Hi I am configuring the PVE firewall this afternoon, but I don't get some things. There are firewall rules in Datacenter, in Nodes (the cluster nodes) and in VMs. Is there a cascade working? Eg, are the rules in Datacenter also applicable on the Nodes? When I eg. set a Disable SSH rule in Datacenter, is SSH then blocked on all the Nodes and on all the VMs? When I disable the Datacenter firewall, is the firewall on the Nodes and VMs still active? I have a PVE cluster with 3 Nodes. On each node, I have these networks: 10.0.1.0/24 - management network 10.0.2.0/24 - corosync network 10.0.3.0/24 - ceph public network (with a separated Ceph cluster) 10.0.4.0/24 - VM network Where do I set my SSH rules to only allow SSH from Management network to the Nodes? On the Datacenter? Or on the Nodes? Where do I set the ports used by the PVE cluster, like 8006, 5900-5999, 111, 5404 and 5405? Thanks and all the best for 2019!

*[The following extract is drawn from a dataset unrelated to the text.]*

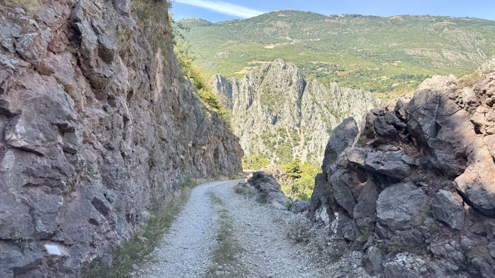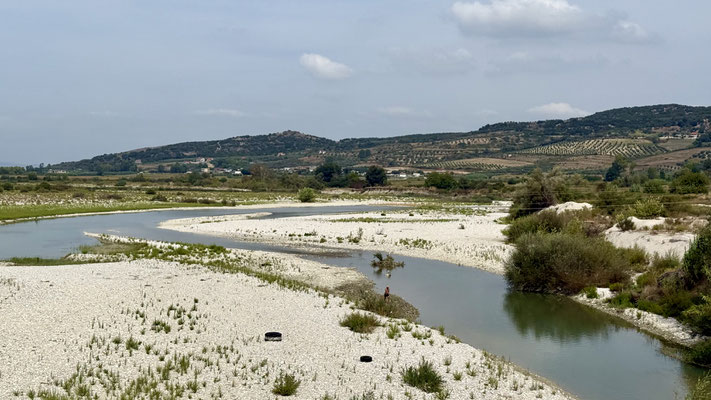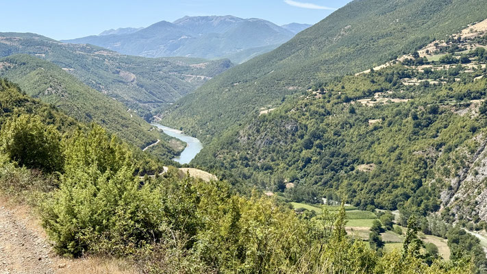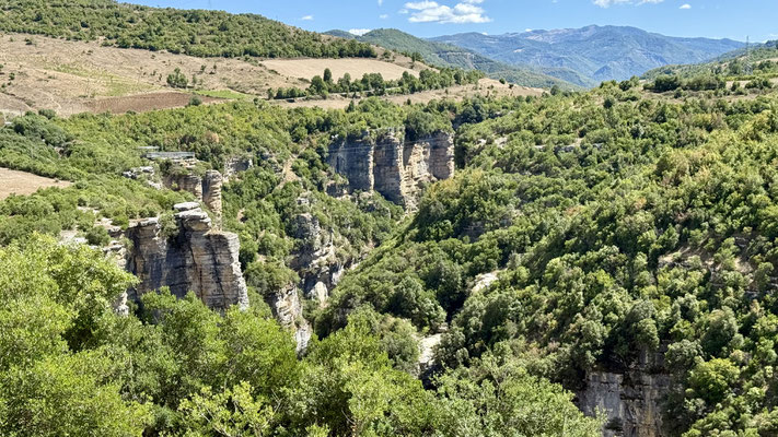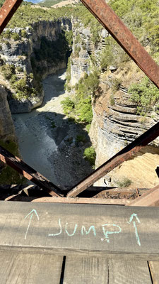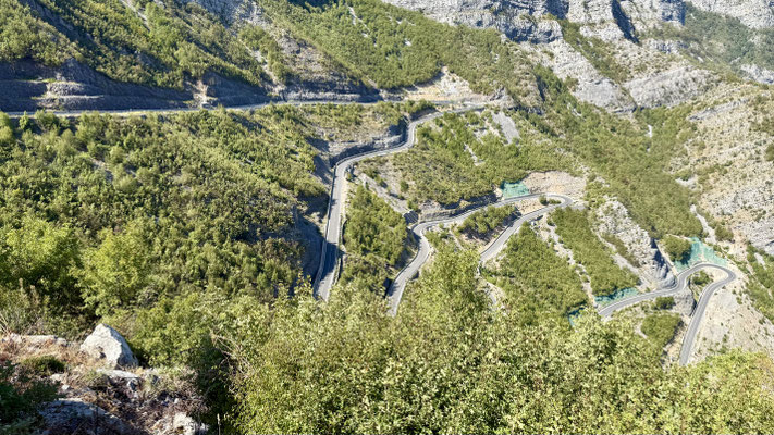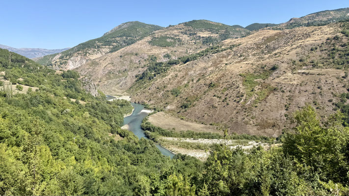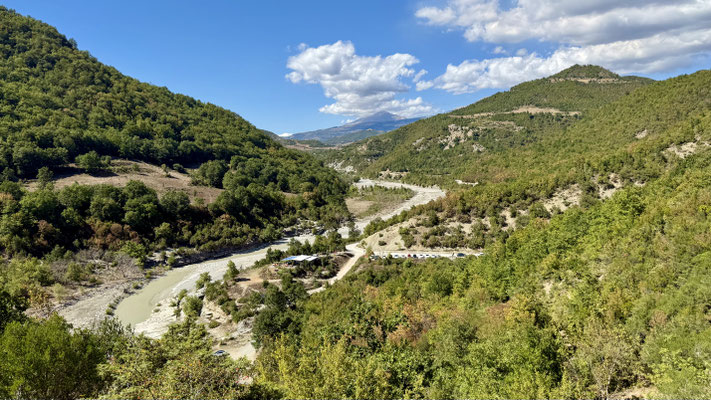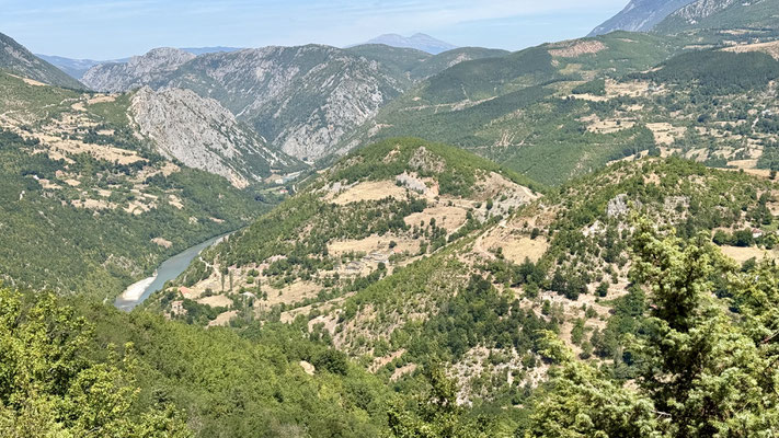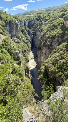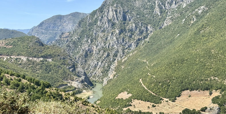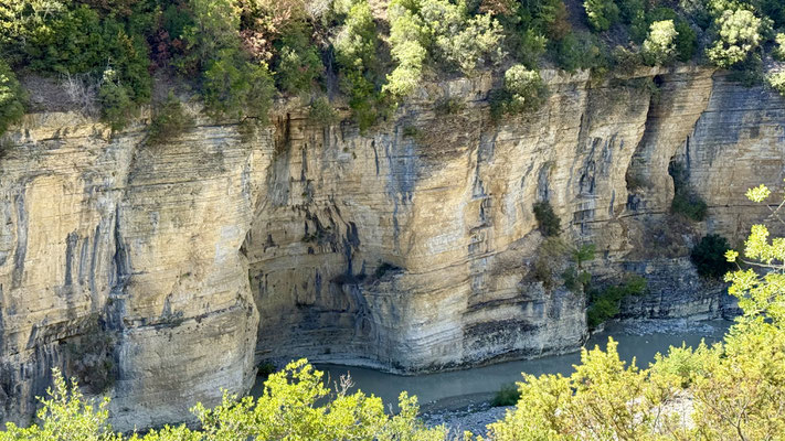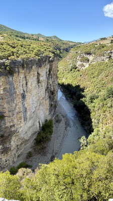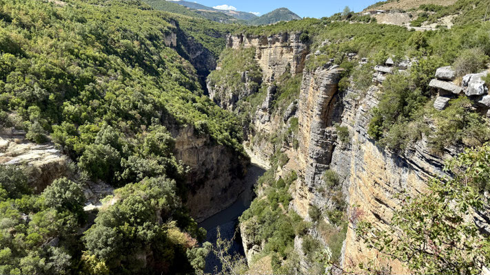 Also ging es nochmal durch Berat hindurch, auf die geteerte SH72 bis nach Corovoda. Ab da hatten wir einige Aussichtspunkte auf die Schlucht mit dem Fluss Osum, leider ist das Wasser grad kieselgrau. Mit teilweise 80 Meter hohen Felswänden ist es ein beeindruckendes Panorama.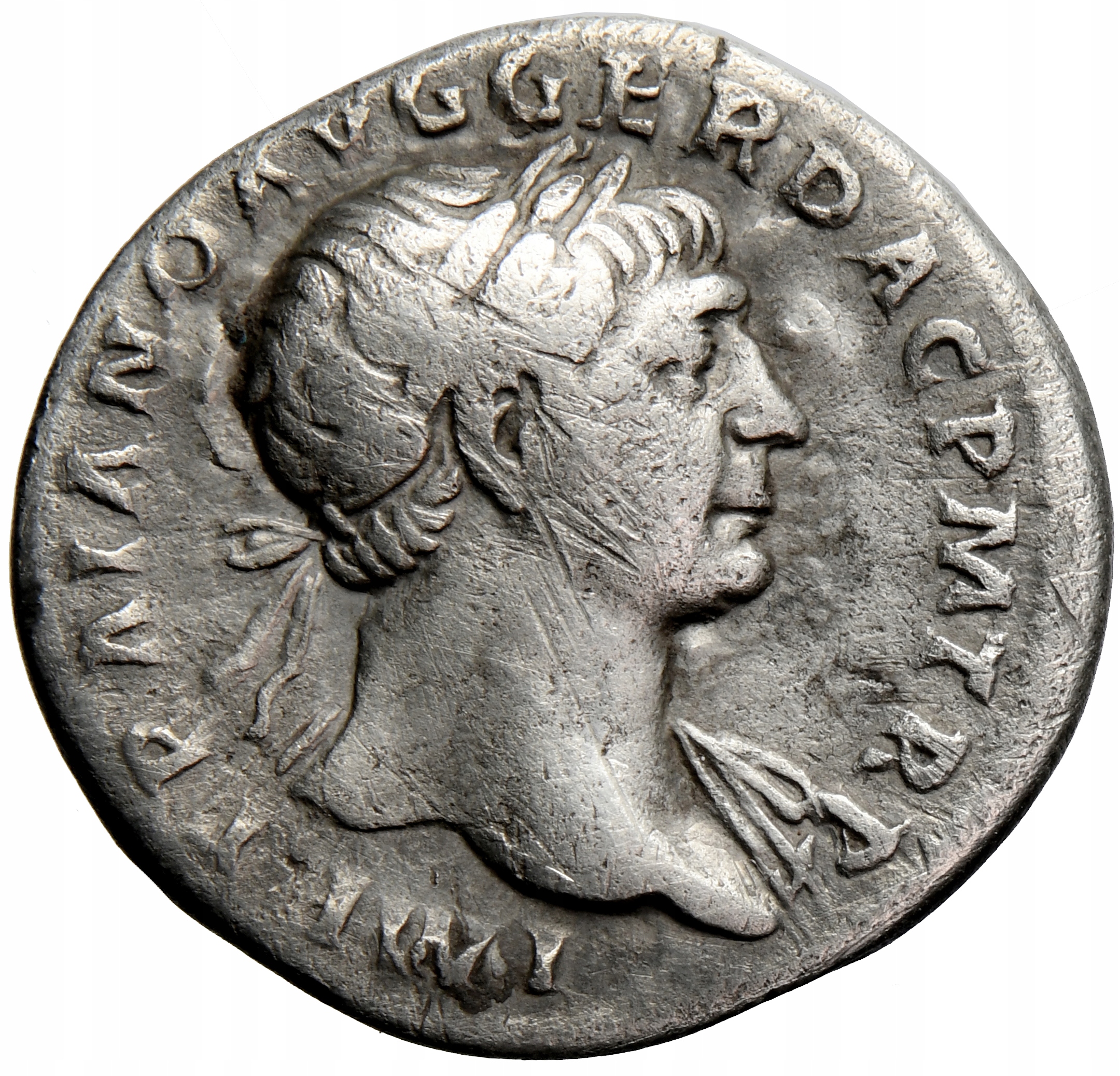 Ав. IMP TRAIANO AVG GER DAC PM TR P, бюст императора в лавровом венке вправо.

ad 1 and 2.) Yes ad 3.) No As you like, if you set it on Datacenter it has affect for all Nodes (see also above)
I do something wrong, this doesn't work. At the Datacenter-level, I create one rule: Inbound Allow SSH (no interface, no source, no dest). I don't do anything on Node or VM level. When I enable the firewall, I got locked out and the cluster goes down.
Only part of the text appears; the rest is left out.